Charmaine is grateful her children have a ‘wonderful father’ and won’t go through what she did

All names and identifying details have been changed.

Participants have given us permission to share their experiences.

Because of her father’s career, Charmaine and her family moved house every year.

She thinks this transient lifestyle led to her and her brothers being isolated and made abuse by her father easy to hide. 

Charmaine grew up with her parents and brothers in the 1960s and 70s. The family had to move frequently and often lived abroad, due to her father’s work.

Because the children went to so many different schools and moved so often, they did not build up relationships with other children, teachers or relatives. ‘There was no support outside the family’ she says.

She describes her mother as ‘very sterile’ and emotionally unavailable to her children. She now believes she may have suffered postnatal depression. Charmaine’s father drank heavily and her mother often retired to bed to escape him.

Sometimes, in their mother’s absence, their father would instigate drinking games with the older children, who were between the ages of nine and 13 years. Charmaine remembers how they would become very drunk and sometimes be sick from the alcohol.

On one occasion after one of these games, Charmaine fell asleep on her father’s knee and woke to find him molesting her. She was 11 years old and she vividly recalls being horrified because she had always felt he was the parent who loved her. She says it was a ‘lightning rod moment of terror … it ruined everything for me’. 

Over the years, Charmaine says her father would regularly expose himself to her, come into the bathroom when she was showering, or pull off her towel when she came out of the bathroom. Sometimes he took photographs of her partially dressed, and he and her brothers would laugh at her.

She says ‘I remember finding the photographs later and feeling so horrible’.

He would buy her inappropriate gifts, including erotic underwear and t-shirts with sexualised slogans that she didn’t understand at the time. She recalls feeling very embarrassed and he would laugh at her and call her ‘prudish and Victorian’. 

She remembers him taking her out sometimes and telling people she was his girlfriend. Her mother never intervened to protect her, and sometimes even blamed Charmaine for her father’s behaviour. At times, he would threaten to commit suicide and her mother would say it was Charmaine’s fault. 

As a young teenager, Charmaine’s schoolwork started to deteriorate and she would truant and run away from home. ‘My school reports got worse and worse … I remember feeling so depressed’ she says. 

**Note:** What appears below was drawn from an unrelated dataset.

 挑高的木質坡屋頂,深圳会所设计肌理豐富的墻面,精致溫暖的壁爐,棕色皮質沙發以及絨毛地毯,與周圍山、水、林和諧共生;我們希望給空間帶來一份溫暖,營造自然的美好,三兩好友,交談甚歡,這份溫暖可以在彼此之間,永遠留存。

On one occasion when the police found her and took her home, her mother hadn’t noticed she had gone missing. No one asked why she had run away.

When she was 15, the family went on holiday and an adult male started paying attention to Charmaine and buying her drinks in a bar. Her parents left her with this man and went to bed. He invited her to his room and sexually assaulted her. ‘I was so naive’ she says. 

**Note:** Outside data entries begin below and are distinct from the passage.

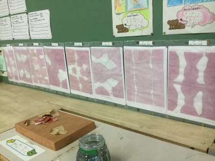 アサガオの色水で染めた紙の中から1枚選んで教室に掲示しました。すてきな作品が並んでいます。
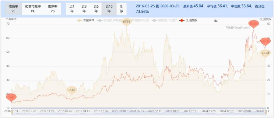 这种披露差异带来两层后果。第一,短期估值弹性会被压制。缺少量化指标,投资者难以给机器人业务单独建模,更多只能将其视作远期期权而非当期增长引擎,在估值上自然更谨慎。这也是三花智控估值一路向下的原因,PE从56掉到了45。
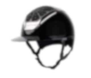 Reithelm mit Sonnenblende in Hochglanzoptik, das Riviera Top des Helms ist mit echten Swarovski-Kristallen gestaltet.

She told him she was 15 and he begged her not to tell anyone what he had done.

Charmaine did tell her parents but her father laughed and made a joke about it. She remembers the assault left her feeling afraid of men, and that ‘growing into a young woman was very dangerous’. She spent the rest of the holiday hiding and hoping she would not see the man again. 

She has self-harmed and attempted suicide several times, and is a recovering alcoholic. She says ‘The 12-step program is the best thing I ever did’.

Charmaine would like to see consideration given to how children of parents who move a lot, such as those in the armed forces, can access support. ‘I went to 12 different schools; it was chaotic’ she says.

She is now married with children, and says that support from her husband and family has enabled her to move on and recover from alcoholism and the impact of the abuse.